Nothing ventured nothing gained. Have done so many times. Pogie slime on the front deck in pitching seas after throwing a castnet was the last time, sharks everywhere and I don't think I even got wet. One of the many reasons I prefer fly/artificial to bait but alas, I have failed as a parent as my boys are baiters. Still time to save them and I'm trying hard.....


----------



## Lowtidelowlife (Aug 19, 2014)

Docklight fishing with a bud. Boat was coming a little too close to dock from a fast idle and the light was already burned. Pushed off the dock to protect a 40 year old gelcoat job that was hardly worth protecting. Angle of the dangle put me in the ICW and made for a good laugh.


----------



## hipshot (Sep 29, 2018)

More than once.

I think I was nine; we were stateside on furlough (we were living in Indonesia then) and had gone up to my uncle’s camp in the Adirondacks. I had commandeered one of his fly rods and was out in a rowboat maybe 100 yards from the dock, trying to stick a fish. Mom came out on the dock and hollered that dinner was ready. I just turned around toward her and stepped right out of the boat.

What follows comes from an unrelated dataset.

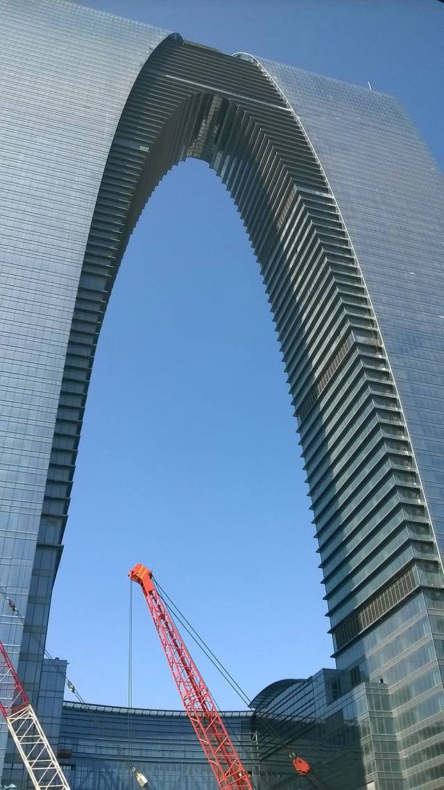 苏州并不大,分为三在块,古城区 园区 新区 园区由苏州政府和新加坡政府共同建设富有欧陆风情商业中心,休闲,娱乐,观赏,购物,吃喝一条龙服务,典型的苏州现代化进程和园林艺术相得益彰。新区由日本和韩国建造,典型是苏州乐园。察院场没有直达公交,需做地铁可从左手直走乐桥站,或走到观前街附近做公交也可以,特别近当初不太清楚,多走一站做地铁,可以询问酒店工作人员省时间,东方之门3口出,就迎目标致性秋裤门建筑,的确高大威猛,有气势有海拔,每个城市都有自己特点和标致性,苏州也不例外,网传过于厉害,实际建筑风格也不寒酸,有独特之处,秋裤也是国人必备之物,保暖之物,网上这样传说不足,国人杯具,建筑没有什么好看不好看,只是心里承受之力,如果投放后,我相信大家也习已为常,再加上美妙灯光投影,夜幕下金鸡湖会更美丽动人,湖滨大道,李公堤,环湖木栈道都是休闲放松的,更迎合西方人习惯,让国人也快速迈入发达国家行列,中国发展也高速可国人享受生活却很低调,而苏州借鉴新加坡经验是独树一帜的,值得点赞,也是接合自身条件,做到优中更优,好中更好,没有瑕次。沿金鸡湖足足漫步好长时间,领略湖中山色,建筑风格,人文景观,不虚此行,想走到对面摩天轮是可不行的,风情街,水街,休闲步行街 ,园区实在太美了,一座现代化城市无法用语言来形容,上金鸡大道做车转车到对面摩天轮,实际就是环湖一圈,多亏导航有用,建议大家出来带导航,有的本地人也不知道了,多问没用靠导航。满以为摩天轮游玩收费,公园也门票,人太多,有些项目检修,所有没去是对的了,散去之后,朝圆融集团时代广场进军,圆融集团是家大规模多元化产业,什么购物中心,天幕街,天幕电影一条龙服务,休闲购物观赏由为重要,热闹非凡,只因春节稍清静些,另有情趣。商业中心不用介绍大同小异,只是格局和规模,建筑风格不同而以,大城市当然是太智慧,高起点,深眼光,多头鸟。

A few years back at East Matty I hung a fly on some grass near the anchored skiff. I was leaning too far out trying to shake it loose without pulling the anchor, and took a header. Fortunately, only birds and fish witnessed it.

I’ve fallen out of my kayaks twice, both times I lost my balance while sitting down after standing to look for fish.

Once, not from a boat; I was on the end of a seawall casting at a school of jacks busting mullet. I was reeling in a cast and the school came up further down the canal. I just turned and ran right off the end of the seawall.

Got knocked out of my bass boat twice while fishing stumpfields on windy days. Both times my last thought before I hit the water was “Hope there’s no trotlines here”.


----------



## Outearly (Oct 20, 2015)

Slid off a buddy’s platform into the drink. Climbed back in, cold, wet, embarrassed.

Sat down, decided to strip off a wet layer of fleece, pulled it over my head and launched my prescription Costas into the marsh. Dove in (successfully)after them. 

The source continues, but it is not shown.